I'll comment on this latest thing that you guys are discussing (Chugach and Borut). Okay, I was just looking at the featured page, which is the Südpfalz area page. I guess opinions will vary, I already stated that I think it's a great page that can also use enhancement by some technical climbers when they show up. This is in accordance with my own feelings about Summitpost. I think that someone should post "what they have," because it serves as a kind of coral reef which will get routes and mountains attached to it. Therefore, the fact that a hiker makes a page about a region more famous for climbing doesn't bother me. In my opinion it's better than nothing, as long as it doesn't obscure or denigrate other uses.
Now, looking more closely I do see that Gangolf has a bunch of mountain pages under that area page. I happened to click on one randomly (
Hohle Felsen). It looks like Gangolf scrambled up the easiest way to the summit. It's a very detailed page, showing clearly that the author has hiked around the area a lot. It talks about a rockfall in 2003 that made some routes unstable. But since the author doesn't climb or buy climbing guidebooks, he can't tell us the route names to avoid, only the area to avoid on the rock. There are links to rock climber web sites to tell us more information (mostly German, though).
I'm just not able to get upset about this page. As for the technical requirement that the author reach the summit, I clicked on other mountain pages in the sector and see that many of these summits have a hiking route to the top. Gangolf didn't always sign a summit register, but he offers very detailed hiking directions to the top and copious photos from up there.
I dunno, I guess if I look at every single mountain (there are a LOT) I might find some where he didn't stand on the summit. This would be a great waste of a valuable evening's time. But Borut it seems that you found some, and based on what you say is a general, long accepted site rule, then I guess you've got a valid bone to pick.

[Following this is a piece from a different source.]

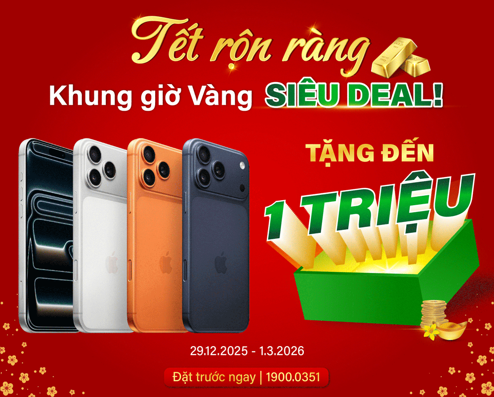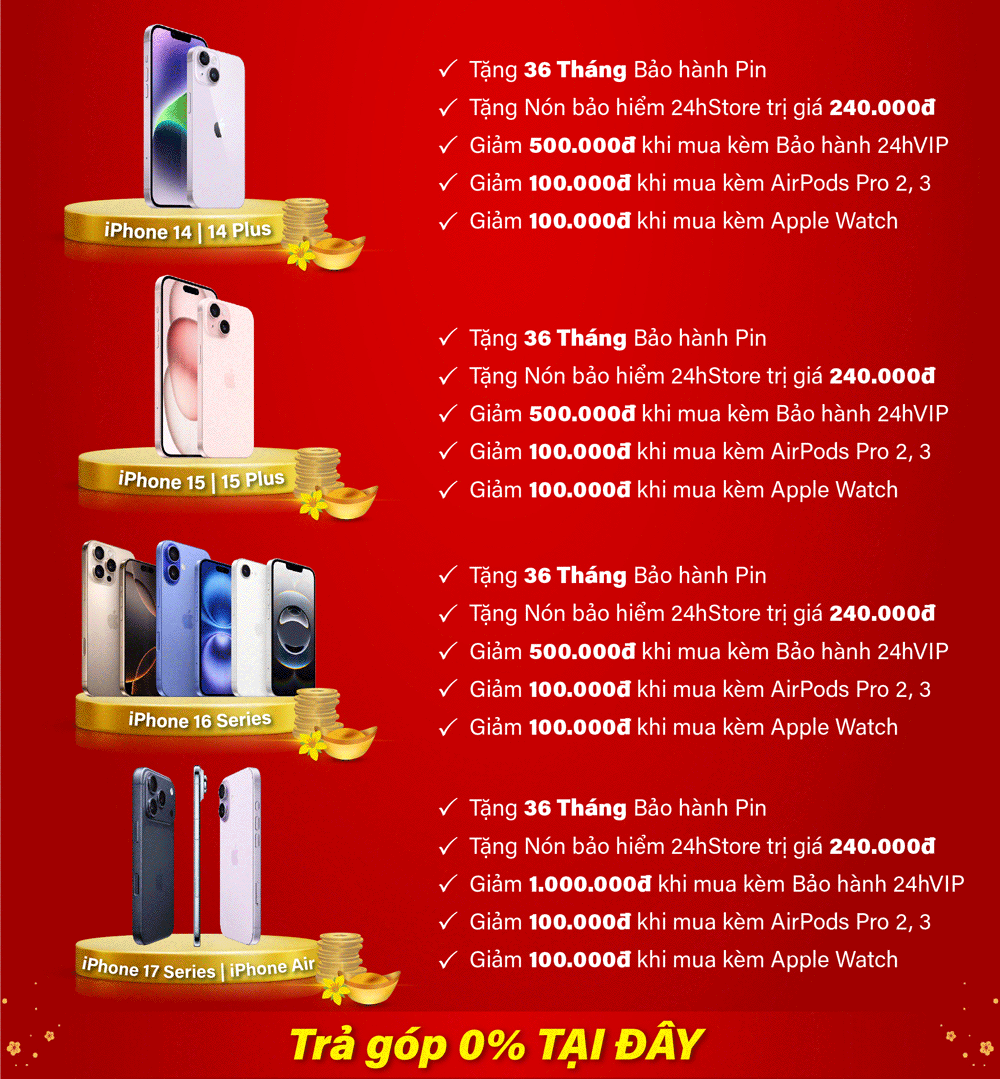 Lên đời iPhone 17, iPhone 17 Pro, iPhone 17 Pro Max hoặc iPhone Air từ iPhone 15 Series hoặc iPhone 16 Series, nhận ngay AirPods 4 hoặc Voucher giảm giá đến 2.500.000đ, giúp Quý khách bước sang năm mới với sản phẩm dẫn đầu công nghệ mới, trải nghiệm mới, giá trị tối ưu.

The thing is, for me, I've never been a fan of that rule. I've got a friend who spent weeks working on an amazing page for a Himalayan peak that he is working on an expedition to in the next few years. He made the page to consolidate information, psych himself up, make the dream more real. I did this once years ago for the same reason, making a page on North Peak of Index where I scanned in all the AAJ articles and all kinds of stuff I found to give myself energy for the climb (thank god it was on my own private site in a hidden area). Anyway, he fell afoul of this rule and had to either remove his page or accept being a pariah. I think he's gone the pariah route. I say it's a big waste of energy to do that to people.
I didn't mean to become an "insider" (the way Dow talks at me), yet here I am defending the "big gorilla" of the site.
I've been a pariah here at least two times and I'm sure it'll happen again. I've always held that in general content is good. If somebody makes a page on a Columbia Gorge peak and focuses too much on the damn flowers (because that's their thing) and not enough on the southwest access route, I really don't care. Thumbs up, I say. Let somebody else come and add a route page.
Let me finish by saying I know there is a lot I don't understand. Borut, you made so many incredible pages. I only have a paltry few. It may be that you've encountered incredible anguish and difficulty from the problem of "page owned by someone who didn't climb it," and therefore have strong justification to make this an issue. Go on ahead then. I just felt I needed to respond to basically innuendo from Dow and now from you that seems to put many pages of valuable content into a bad light. The innuendo sounded serious. But then I looked at the pages, and responded with details of what I found. I don't mean to be difficult.